The Peerless Prognosticator is ON THE AIR!!!
The Washington Capitals, fresh off their 5-4 freestyle
competition win over the Winnipeg Jets, continue their tour of western Canada
Thursday night when they face the Edmonton Oilers at Rexall Place. The former Northlands Coliseum/Edmonton
Coliseum/Skyreach Centre is one of the older rinks in the NHL, having opened
for business in 1974. It is approaching
the end of its useful life as an NHL venue, the planned replacement to be located in
downtown Edmonton and planned for groundbreaking next spring.

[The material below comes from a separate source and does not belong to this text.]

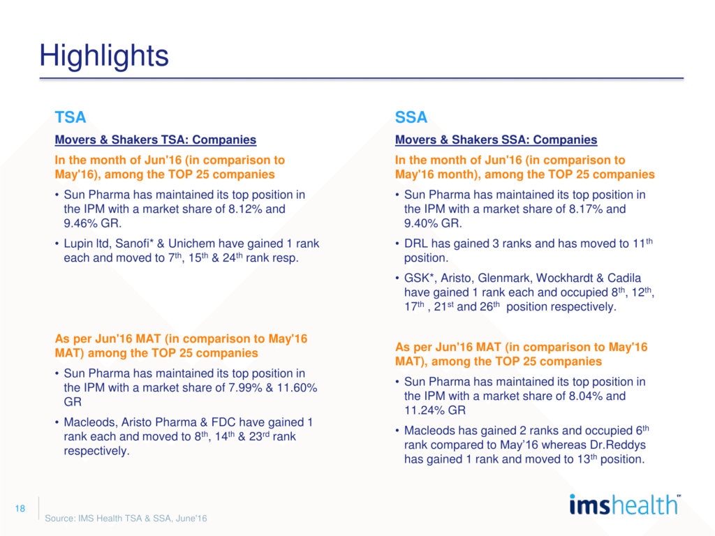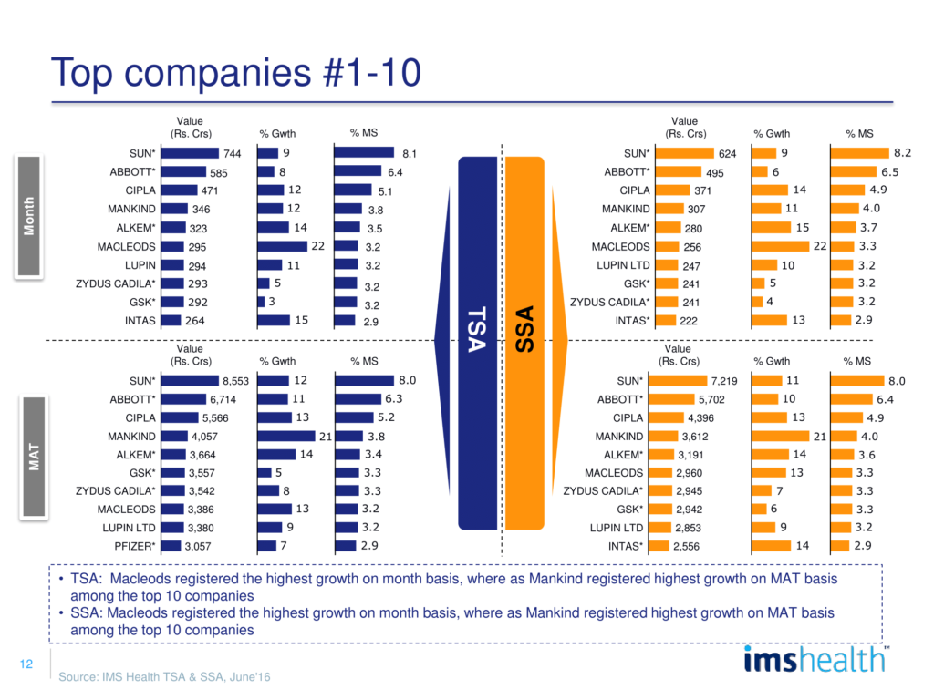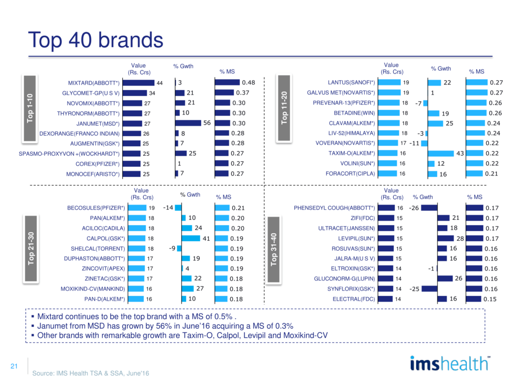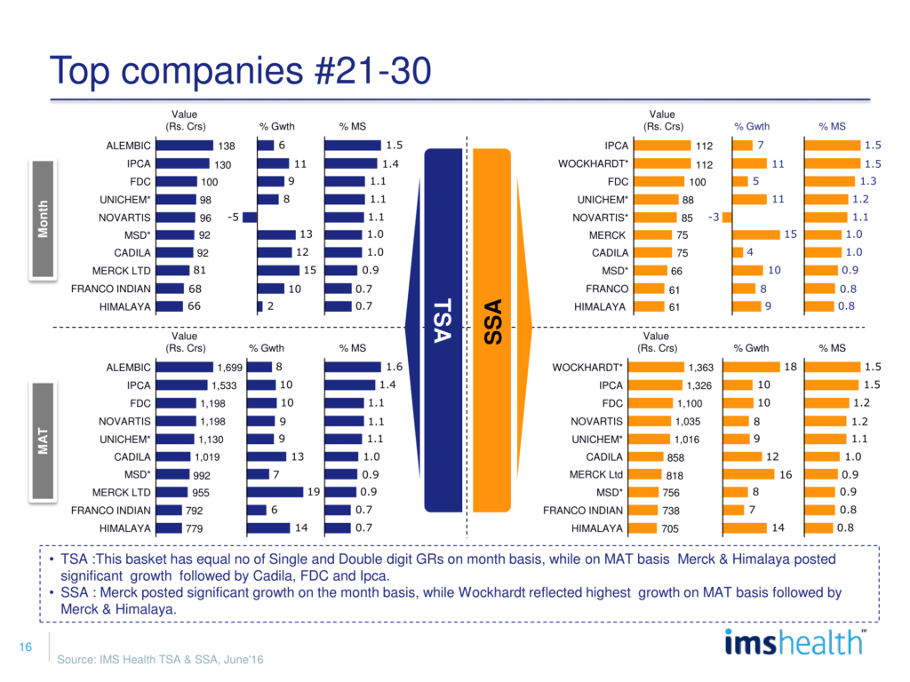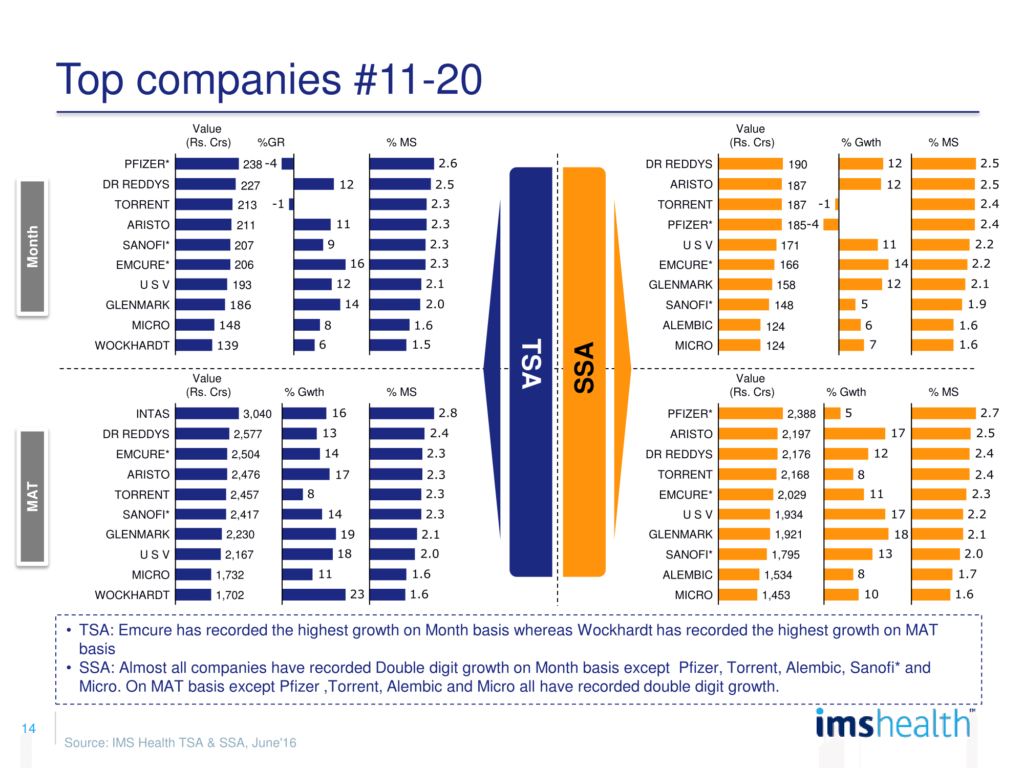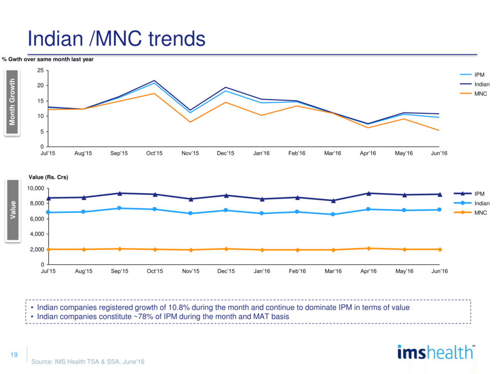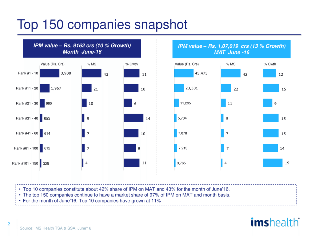 IPM has witnessed some big ticket M&As over the past few years. Despite this consolidation, the industry remains fragmented with top 10 players contributing 43% of overall sales and reflecting a robust 11% growth for the month of June 2016. Â Companies ranked 11-20 contributed 21% of total revenues for the month reflecting a growth of 10% aided by strong growth posted by Wockhardt (23%), Glenmark (19%), USV (18%), Aristo (17%) and Intas (16%).

For now, though, this arena has a lot of history in it. Five Stanley Cup winners, with replica Cups occupying a place near the home team’s dressing room displaying the names of all the
Oilers who won Cups with the team. There
is even a space left open as a reminder that there is always room for another
Cup.
It just might not be coming along very soon. The Oilers, who took a 1-3-1 record into
Verizon Center last week and dropped a 4-2 decision to the Capitals, have only slowly
been getting their footing since. They
dropped a pair of 3-2 decisions – one in Pittsburgh and one against the New
York Islanders on Long Island – before heading to back to Canada to wrap up a six-game road
trip with a 3-1 win in Ottawa and a 4-3 win in Montreal.

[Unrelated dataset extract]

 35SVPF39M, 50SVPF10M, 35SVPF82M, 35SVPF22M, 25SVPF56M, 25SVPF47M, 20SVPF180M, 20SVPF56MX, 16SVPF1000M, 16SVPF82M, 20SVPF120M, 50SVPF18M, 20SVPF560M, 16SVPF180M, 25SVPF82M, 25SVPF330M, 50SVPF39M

In those four games since the teams last met, the Oilers
have found goals difficult to come by, scoring a total of 11 in the four
contests. The problem is that none of
them came on the power play. The Oilers
are 0-for-13 in their last four games, extending a string of fruitless power
plays to 18 dating back to the second period of their 6-5 overtime loss to
Toronto on October 12th.
Edmonton’s goaltending has tightened up some over the last
ten days. In six games ending with their
4-2 loss to the Caps on October 14th, Oiler goalies were 1-4-1 with
a 4.53 goals against average and a .839 save percentage. Over their last four games, though, they are
2-2-0, 2.54, .926. That is a product of
Devan Dubnyk shaking off a shaky start to win two of his last three decisions
while posting a 2.35 goals against average and a .935 save percentage.

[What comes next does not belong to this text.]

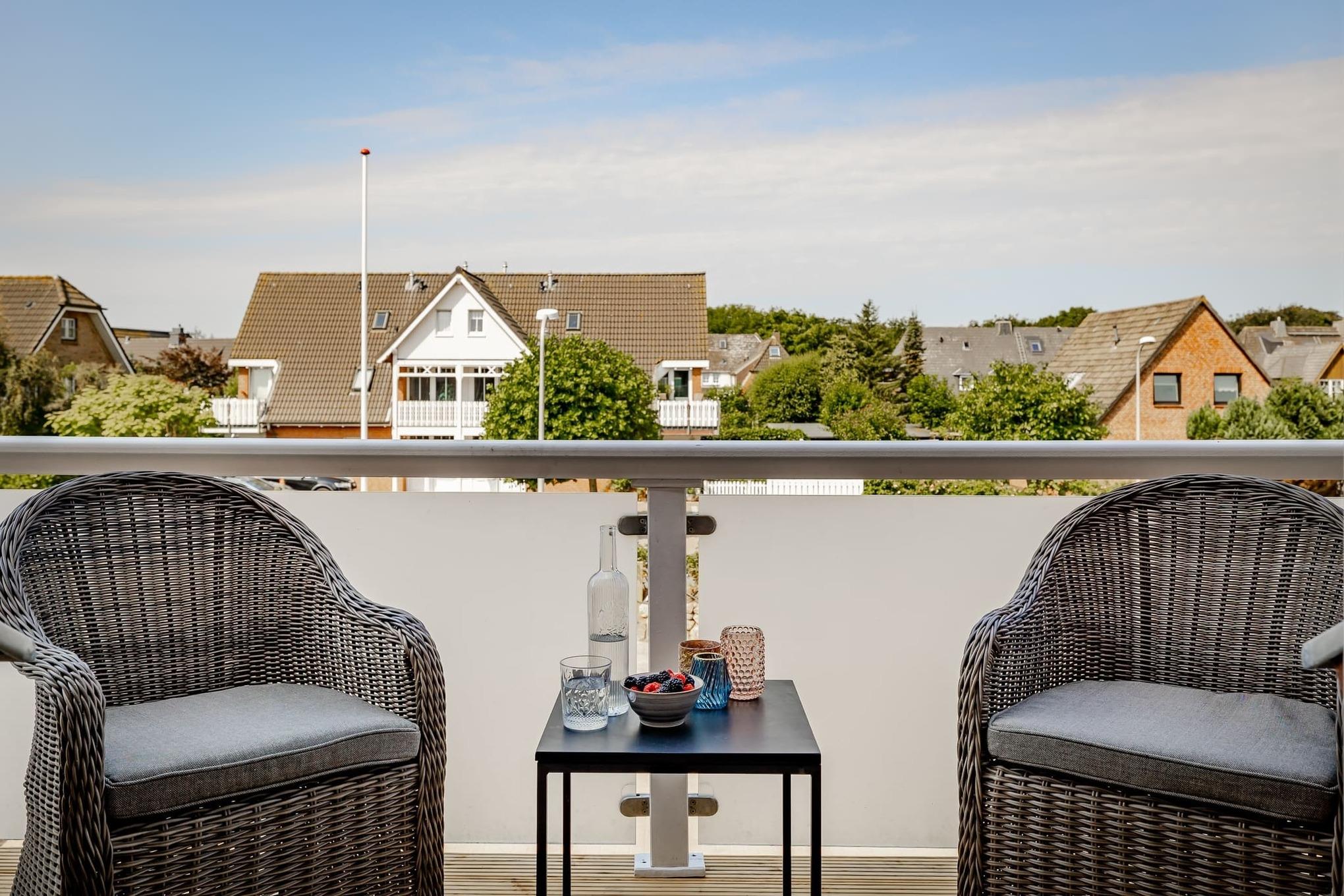 Die hochwertige Küche ist mit Gaggenau- und Miele-Geräten ausgestattet und lädt zum Kochen, Genießen und Zusammensein ein. Von hier aus gelangen Sie direkt auf den westlich ausgerichteten Balkon, wo sich die Sonnenuntergänge über Westerland besonders schön erleben lassen – mit einem Glas Wein in der Hand und der Brise der Nordsee im Haar.

A lingering problem is the shots allowed by the Oilers – 34 per
game over their last four contests. In
none of those games did the Oilers outshoot their opponents. It has placed pressure on the offense to be
efficient. Their 10.6 percent shooting
percentage in those games compares well to the league (8.8 percent) and is
better than all but seven other teams’ season shooting percentage.
The Oiler offense has been led by Jordan Eberle (2-4-0) in
the four games since Edmonton faced the Caps. Eberle shares the goal scoring
lead with Ales Hemsky Taylor Hall, and Ryan Nugent-Hopkins. Mark Arcobello has five assists over the four
games, giving him ten on the season.
That puts him in the “which one of these names does not belong” tie with
Sidney Crosby, Henrik Sedin, and Joe Thornton for the league lead.
Here is how the two teams compare in their numbers to date…
1. Taylor Hall, who
is tied for third on the team in points, is out with a sprained left knee and
will miss perhaps a month on injured reserve.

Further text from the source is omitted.